Michael, who grew up in the Philippines, became interested in design after moving to Texas in high school. After expressing an interest in photography, his guidance counselor suggested a design class, where Michael was amazed by the way he could manipulate images in Photoshop. He got an associate’s degree in Multimedia Publishing before deciding to enroll in Full Sail’s Digital Arts & Design program.
“I knew if I was going to go to Full Sail, I was just going to focus,” says Michael. “It’s super accelerated. You can’t miss any time. And during the program, we [Michael and his classmates] competed with each other. We challenged each other because we wanted everyone to be good.”
That focus paid off. Beyond his 40-plus hours a week of class and schoolwork, Michael started playing around with logo design. In 2011, over Spring Break, he whipped up a logo for NBA player Jeremy Lin, who at the time was making waves with the New York Knicks. Michael shared the logo online, and it took only a few days before it made its way to Lin’s camp.
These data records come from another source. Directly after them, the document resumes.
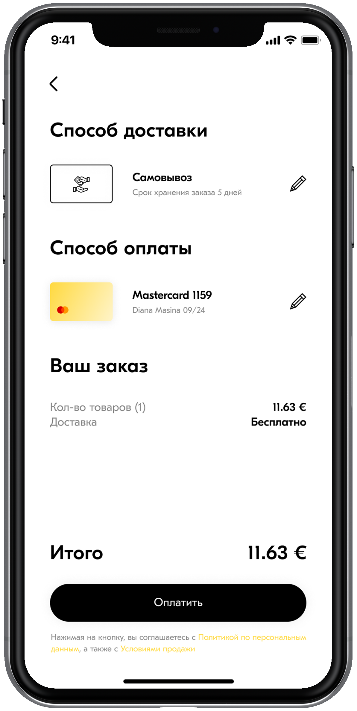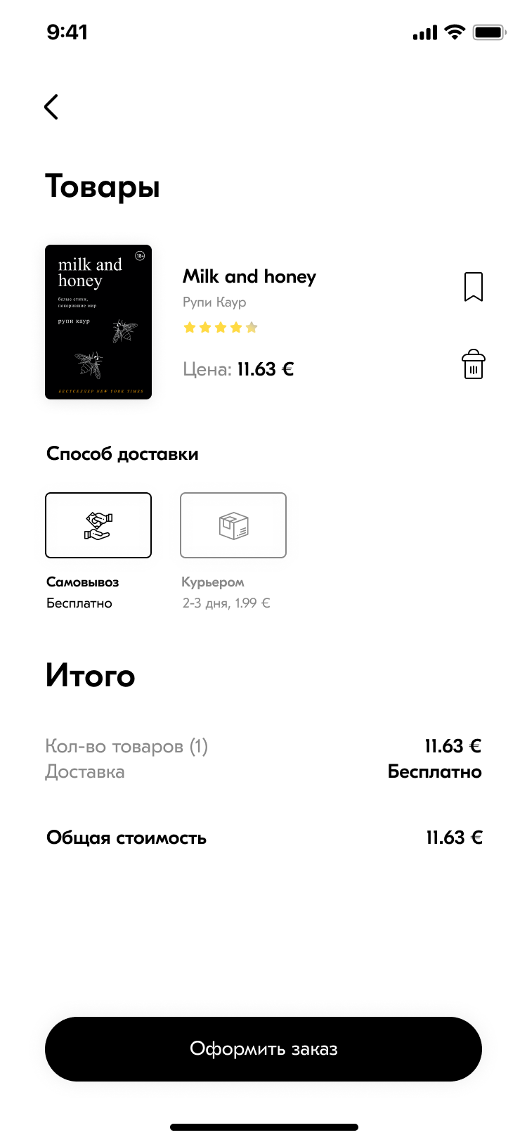 An easy two-step payment process shows the books in your cart and a choice of delivery method. Review your order, choose your card and press pay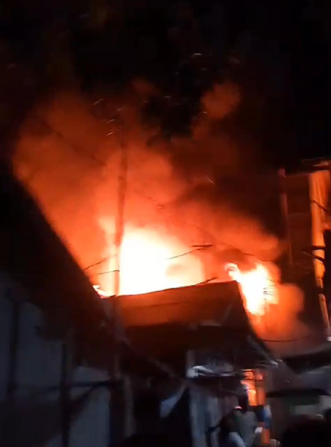 Selasa (23/4/2024) malam pukul 20.00 Wita. Titik api berkobar di permukiman padat penduduk Gang Kenari tembus Jalan Melayu.
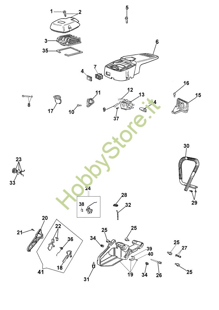 Ricambio Manico Serbatoio e filtro aria 965 HD Motosega della marca Oleo-Mac Richiede pezzi:1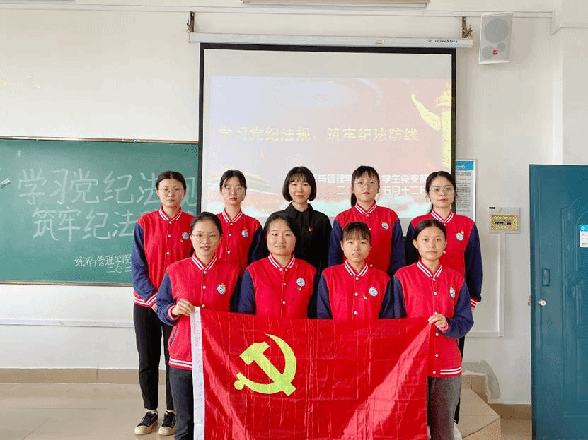为进一步教育引导广大党员坚定理想信念,增强“四个意识”,严守纪律规矩, 5月12日下午15时,在2502教室,经济与管理学院第二学生党支部举行“学习党纪法规,筑牢纪法防线”主题党日活动,党支部书记王海玲同志和全体党支部成员参加此次会议。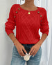 Pullover Jacquard V-Ausschnitt Durchbrochen Langärmelig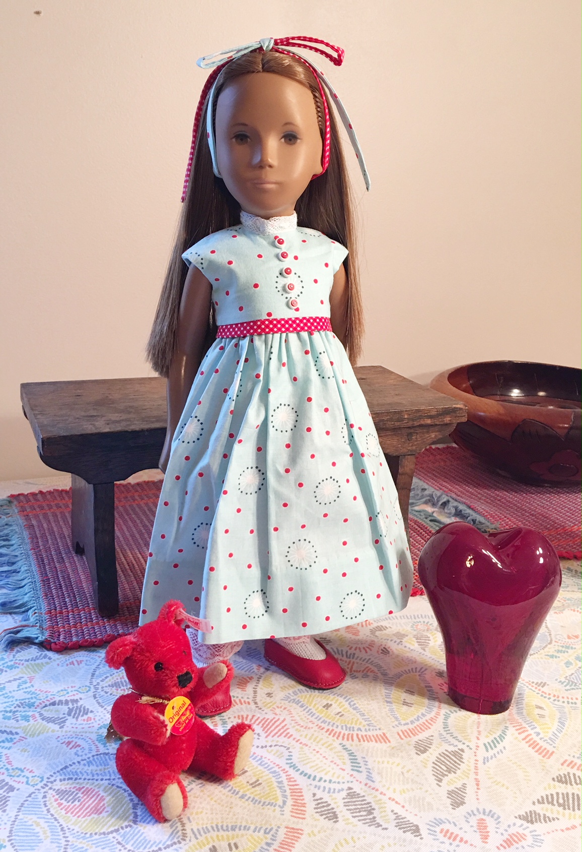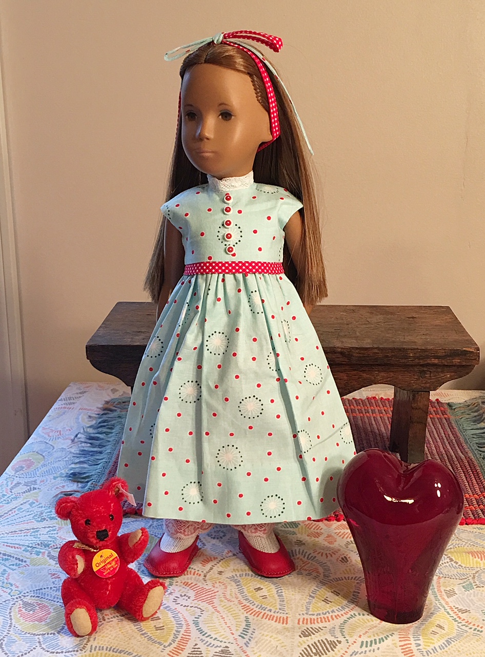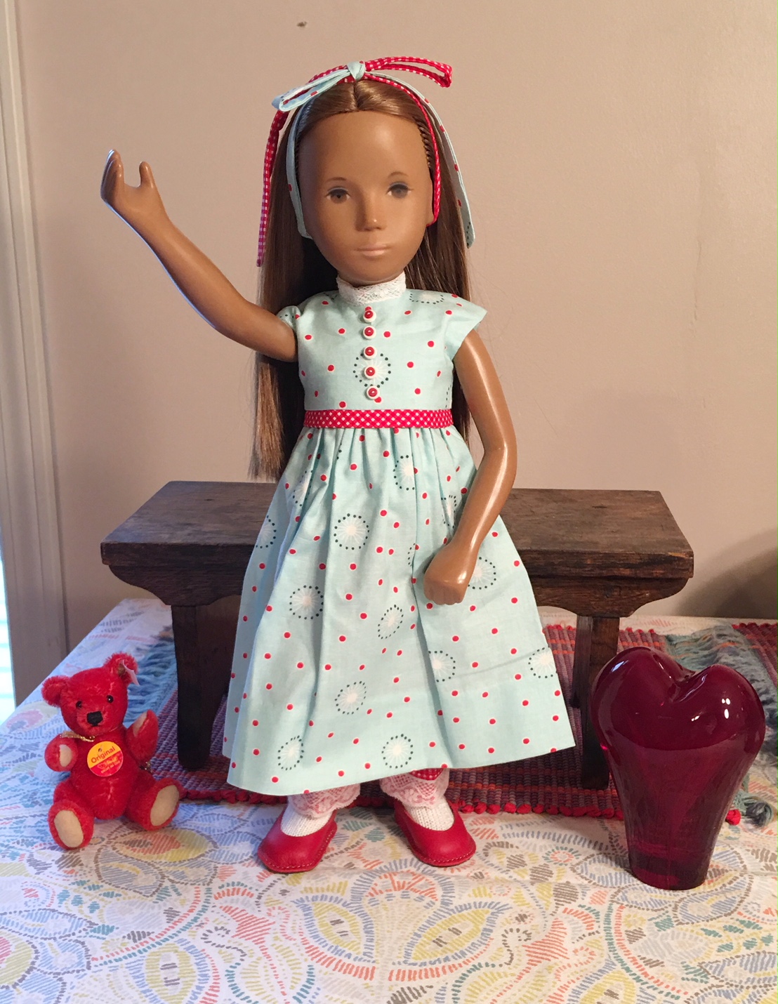 4. I am loving Lucy, Ginger!! Happy belated Valentine’s Day! I had thought she was an early Gregor that had been re-rooted. I do love those wonderful eyes. Love her dress by Maureen Hallenbeck with the coordinating red and white polka dots. And of course Steiff is always a wonderful companion.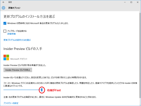 「設定」-「更新とセキュリティ」-「Windows Update」-「詳細オプション」に有る、目盛を一番右にスライドし「ファースト」に設定します。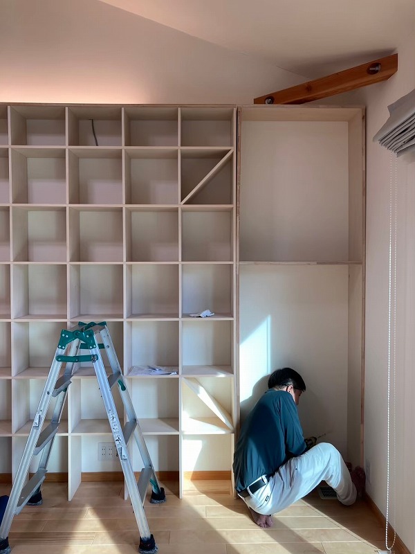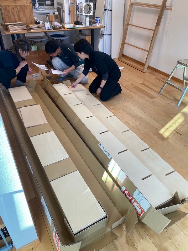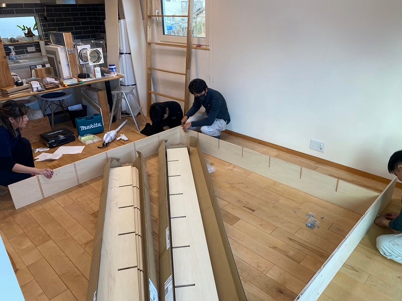 1カ月程前に事務所の打ち合わせスペースの内装を、新しくしようと計画をしており、マルゲリータという本棚を組み立てました。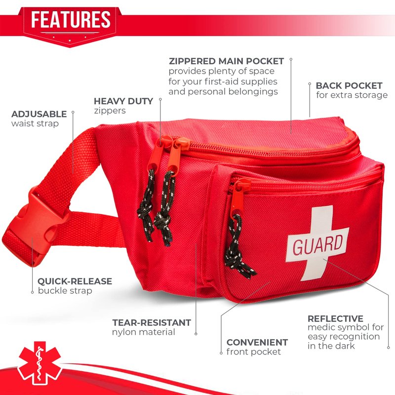 - FIRST AID WAIST PACK - Is ideal for lifeguards working at a beach or pool, or hikers looking to keep their equipment and personal belongings well organized and easily accessible.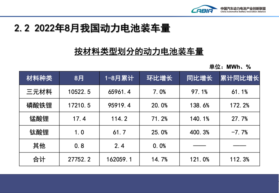 2022年|2022年8月動(dòng)力電池裝車量50.1GWh 同比增長(zhǎng)157.0%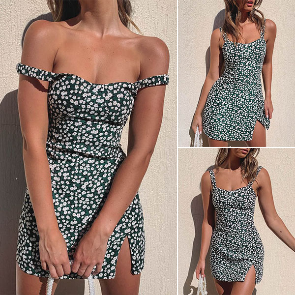 For the sun-soaked summer days,this dress is a good weapon to expose your charming skin and femininity. Its vibrant floral print details will make this piece look more eye-catching. Sling style,with backless,slit hem and a fit silhouette,this dress can make you look alluring as well as showcase your perfect and seductive curve.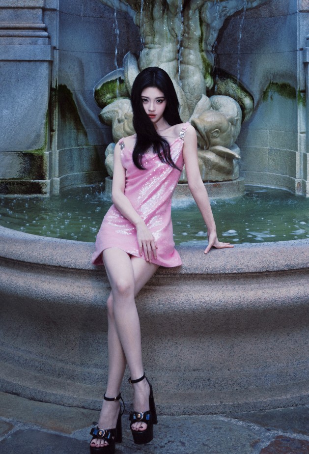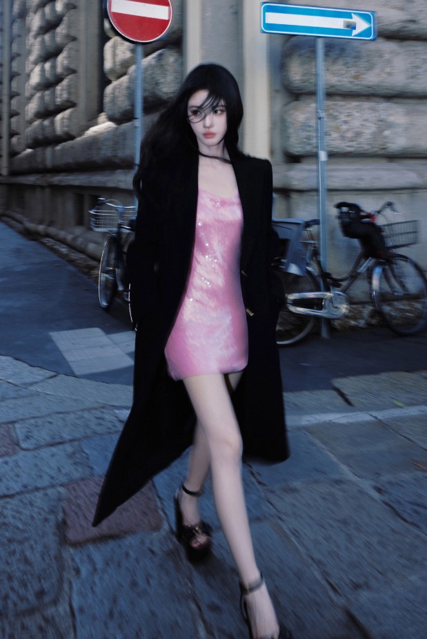 在复古喷泉场景中,她或慵懒倚靠,或优雅端坐,粉色亮片裙与充满岁月感的喷泉雕塑形成视觉对冲,复古氛围里的她宛如从旧时光里走出的时尚精灵,将甜辣风格融入复古场景,碰撞出独特的时尚化学反应。而当她身着黑色长款外套,行走在都市街头时,粉色亮片裙在黑色的衬托下更显亮眼,酷飒的外套与甜美的裙装形成风格叠穿,把“下衣失踪”的穿搭技巧玩出高级感,在街头的背景里,她就是时尚本身,将甜与飒的气场延伸到了都市摩登语境中。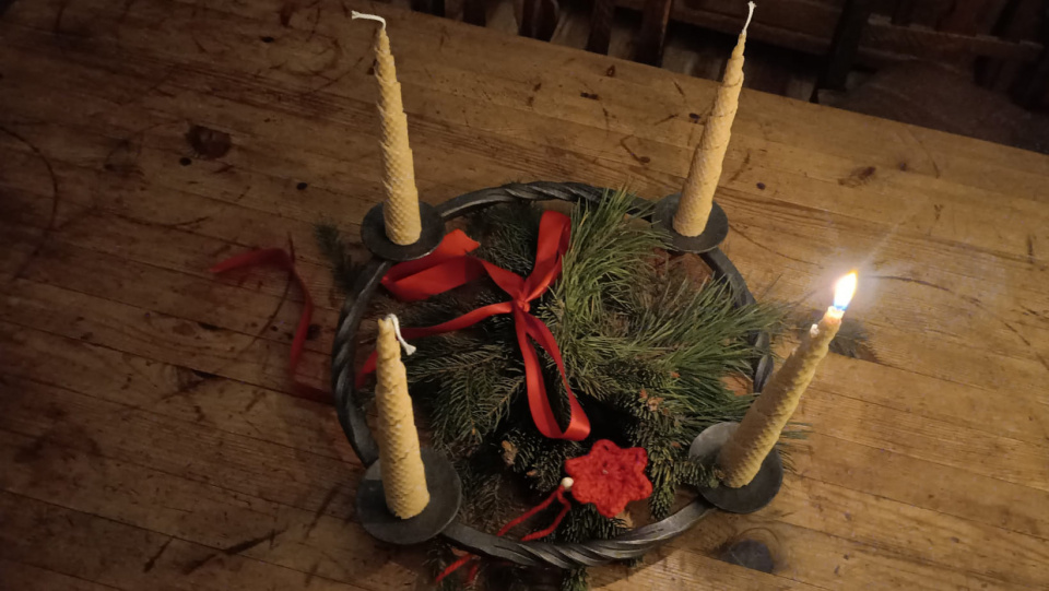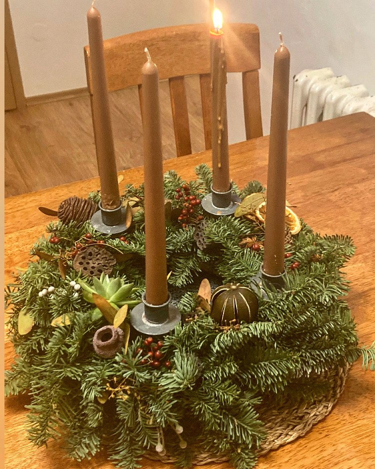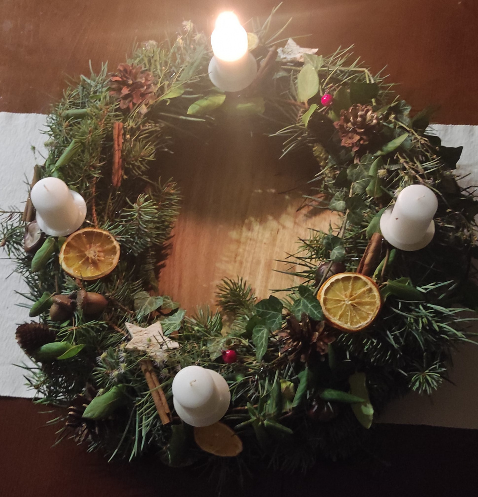 Přírodní věnec s přírodními svíčkami někdy vlastní výroby, někdy kupované, zdobí každoročně domácnost naší čtenářky Aleny.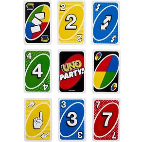 Vamos continuar a festa com o UNO Party! O jogo se inspira no modo clássico, mas com regras especiais projetadas para grupos grandes - de 6 a 16 jogadores! A regra especial "Ponto Obtido", faz com que todos os jogadores apontem para os outros jogadores e, em seguida, cada jogador deve comprar tantas cartas quantos dedos estiverem apontando para ele! A regra especial "Comprar Juntos", une dois jogadores que devem comprar cartas ao mesmo tempo. O Jogo Rápido permite que os jogadores joguem uma carta fora do turno, se forem rápidos o suficiente! A carta Rastreador de Direção ajuda a manter o controle da direção do jogo.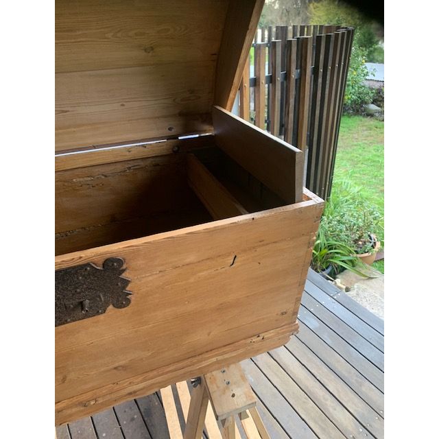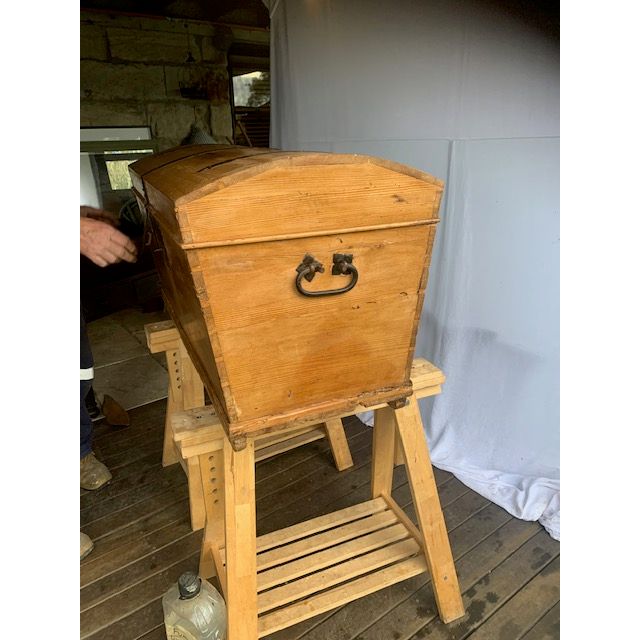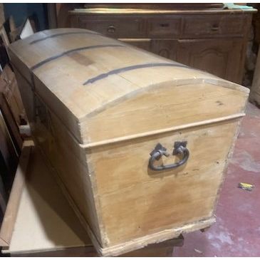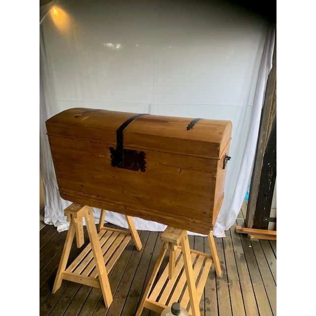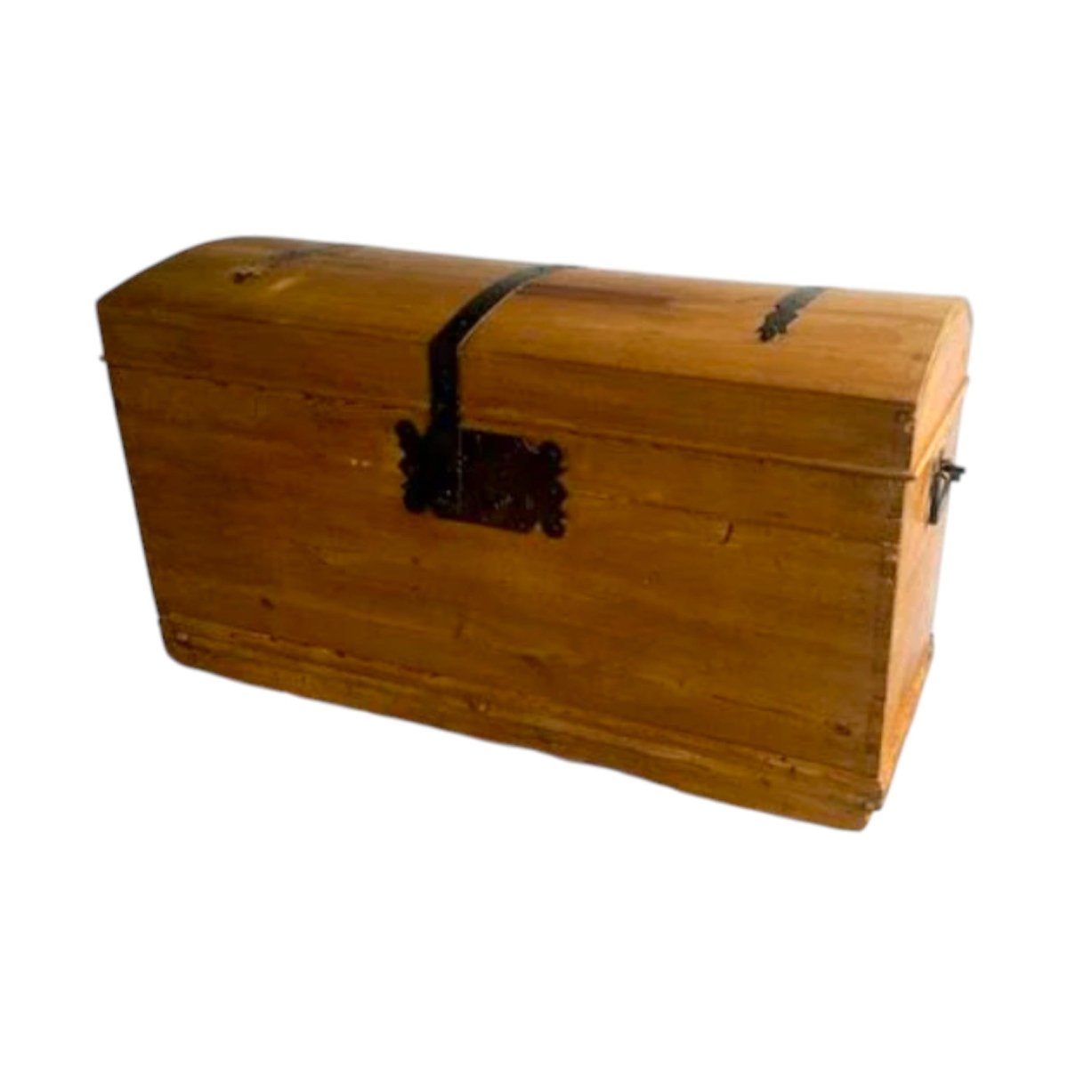 A metal banded dome top coffer with internal candle drawer, This coffer has had some earlier minor woodworm damage to the internal back panel, the piece has been treated. Circa 1850, honey coloured with bee’s wax finish.Original iron hardware.

“His marketing manager saw the logo and asked to purchase it for his Nike branding,” Michael remembers. “Jeremy himself tweeted out the logo, and that really helped me get my name on the map. So many people love sports, so if you can get one of your favorite athletes to share your work, it can really open so many doors.”
After graduation in 2012, Michael was hired at a small print company in Florida, where he earned valuable experience before moving to Dallas to take a job at an agency that worked with Southwest Airlines. This year, he relocated to Austin to work with an agency that lists Nike as one of its biggest clients. Michael freelances for them now, in addition to working for vacation rental website HomeAway, where he’s helping with a major brand redesign, continuing to sharpen his UI/UX design skills, and venturing outside of his comfort zone of sports-inspired design.
“I love that every sports design is strong and powerful, but is still unique,” says Michael. “But I focused on sports for two or three years, and now I’m working on more family-oriented content and really challenging myself.”
And while he still considers his dream job to be as a designer at the Nike headquarters in Portland, Oregon, Michael is making sure that until then, he’ll be far from a one-dimensional designer.
“I don’t want to be pigeonholed as a sports designer,” says Michael. “I want to show everyone that hey, I can do other great work too.”